Exercise objective - With the pictures left out, reproduce exactly the lines from the one containing "Drontermeerstraat 22 is" through the final line of the entries.

********

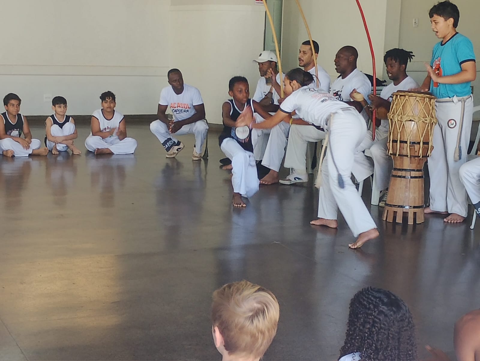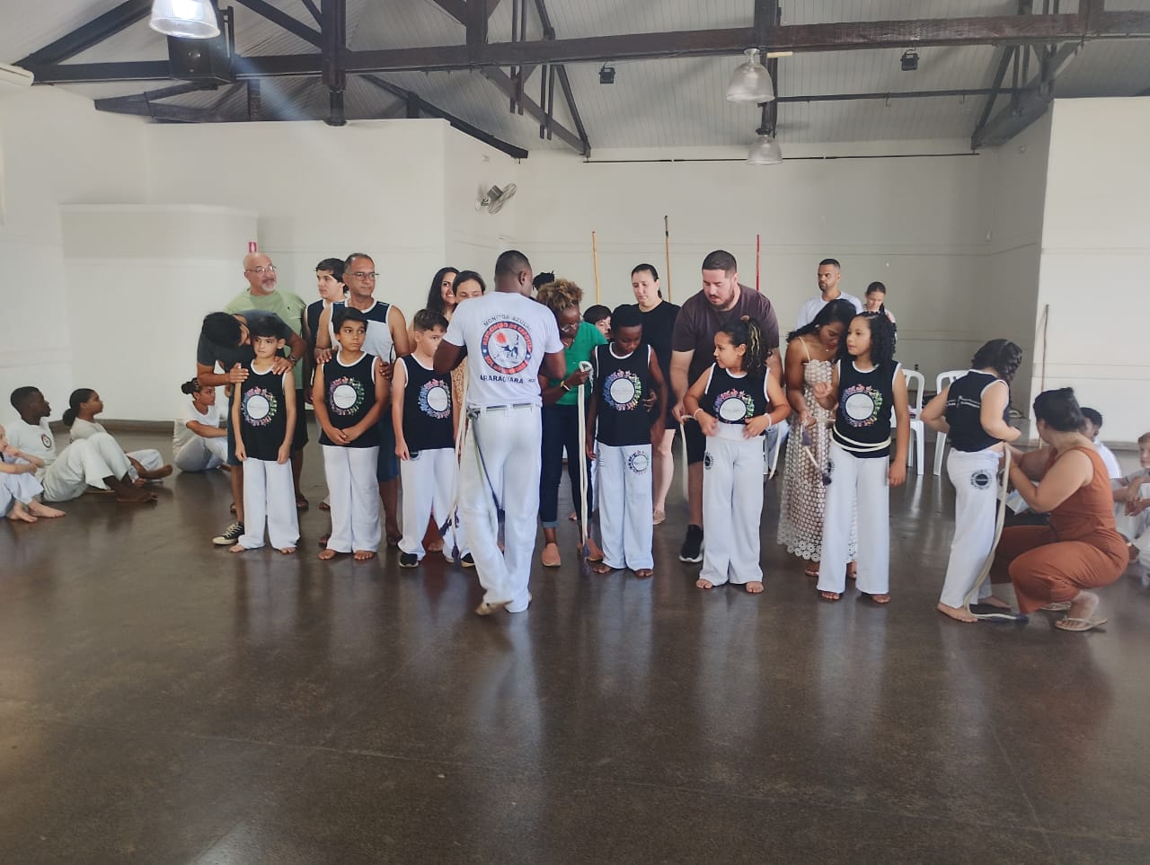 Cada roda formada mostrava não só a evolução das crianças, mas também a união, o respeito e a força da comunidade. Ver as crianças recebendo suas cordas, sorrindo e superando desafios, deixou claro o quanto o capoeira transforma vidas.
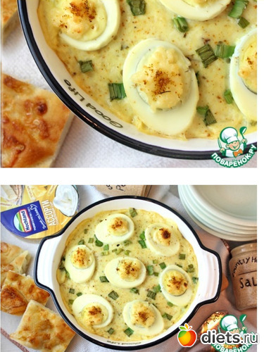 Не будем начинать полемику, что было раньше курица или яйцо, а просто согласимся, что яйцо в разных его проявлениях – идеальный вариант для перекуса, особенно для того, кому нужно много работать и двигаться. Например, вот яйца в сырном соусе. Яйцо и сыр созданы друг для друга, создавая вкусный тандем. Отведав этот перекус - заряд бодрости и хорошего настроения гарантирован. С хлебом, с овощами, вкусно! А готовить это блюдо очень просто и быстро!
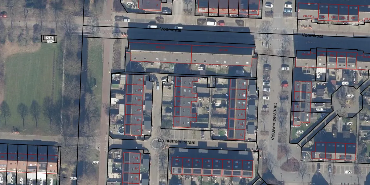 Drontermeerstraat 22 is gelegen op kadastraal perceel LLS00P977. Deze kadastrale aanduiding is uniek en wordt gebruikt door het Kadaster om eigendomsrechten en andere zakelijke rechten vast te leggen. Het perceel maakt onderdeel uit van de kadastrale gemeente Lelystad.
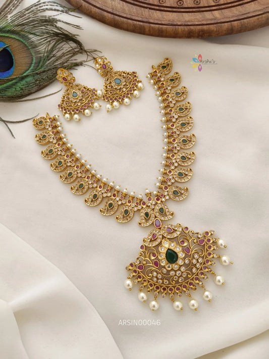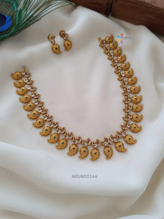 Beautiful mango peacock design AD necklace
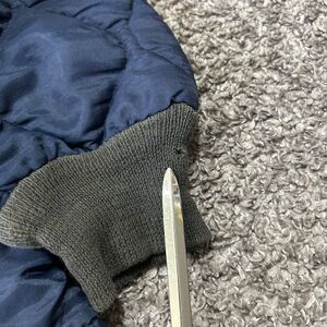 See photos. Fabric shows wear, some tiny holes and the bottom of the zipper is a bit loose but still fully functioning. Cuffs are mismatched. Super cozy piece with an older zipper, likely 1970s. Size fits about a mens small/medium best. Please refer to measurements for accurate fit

********

Response to this task -
 Drontermeerstraat 22 is gelegen op kadastraal perceel LLS00P977. Deze kadastrale aanduiding is uniek en wordt gebruikt door het Kadaster om eigendomsrechten en andere zakelijke rechten vast te leggen. Het perceel maakt onderdeel uit van de kadastrale gemeente Lelystad.
 Beautiful mango peacock design AD necklace
 See photos. Fabric shows wear, some tiny holes and the bottom of the zipper is a bit loose but still fully functioning. Cuffs are mismatched. Super cozy piece with an older zipper, likely 1970s. Size fits about a mens small/medium best. Please refer to measurements for accurate fit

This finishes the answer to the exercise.